For small-to-medium data sets, this may be perfectly fine.
Delay indexing until the first search is executed
How to implement
SET CreateSearchIndexOnReload = 0;
Result and recommendation
No time is added to the end of the reload for search indexing. When the first user attempts his or her first search, they will wait for the indexing to happen. The searches may also take longer and there may be more noise in the results because every field was indexed.
While this is generally a bad combination of outcomes and one we do not recommend for a typical user-facing application, it can sometimes be appropriate to disable. We disable search indexing on reload in all our QVD generators, as a standard practice. While tiny, this would be wasted compute for whatever metadata is in the QVD generator’s data model. Some Qlik solutions may not expose the global search bar at all, like mashups, embedded solutions, or custom web apps, so there may be no cost to disabling it in those scenarios. And of course you can disable it during development, before you publish.

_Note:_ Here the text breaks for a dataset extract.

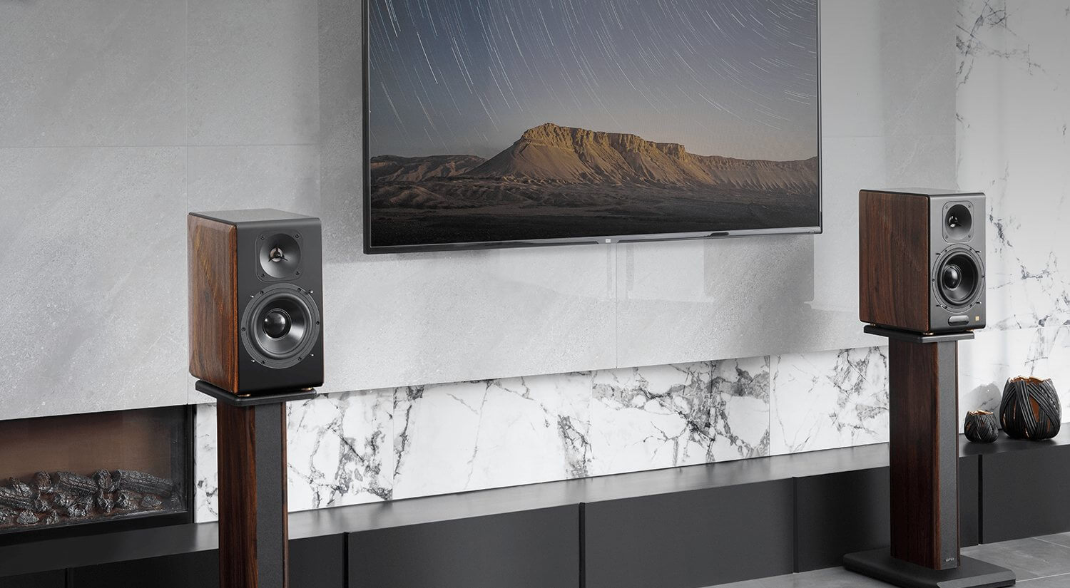 S3000MKII состоит из двух активных колонок, соединенных по беспроводной связи. Акустическая архитектура каждой колонки состоит из одного рупорного планарного твитера (107 мм x 107 мм) и одного 6,5-дюймового длинноходного среднечастотного динамика. Управляемая двумя стереофоническими усилителями PurePath™ Ultra-HD класса-D TI мощностью 175 Вт, акустическая система способна выдавать 256 Вт (RMS) общей выходной мощности. Благодаря профессиональной схеме обработки звука, частотная характеристика охватывает диапазон от 38 Гц до 40 кГц, а SNR (отношение сигнал/шум) превышает 85 дБ(A).

Refine which fields are indexed for Smart Search
How to exclude only certain fields
SET CreateSearchIndexOnReload = 1; SEARCH EXCLUDE [*Field List];
How to include only certain fields
SET CreateSearchIndexOnReload = 1; SEARCH EXCLUDE *; SEARCH INCLUDE [*Field List];
Note that the syntax for including and excluding fields enables you to use wildcards when referring to field names.
Result and recommendation
A very small amount of time is added to the end of the reload while only the included fields in the data model are indexed for Smart Search. The fields to include will likely be dimensions and perhaps not much else. (The excluded fields will never be part of Smart Search indexing or results, but remember that those fields can still be searched individually.) Users can get immediate results, searching will be faster, and the results will be less noisy, based on the smaller domain of fields/field values searched.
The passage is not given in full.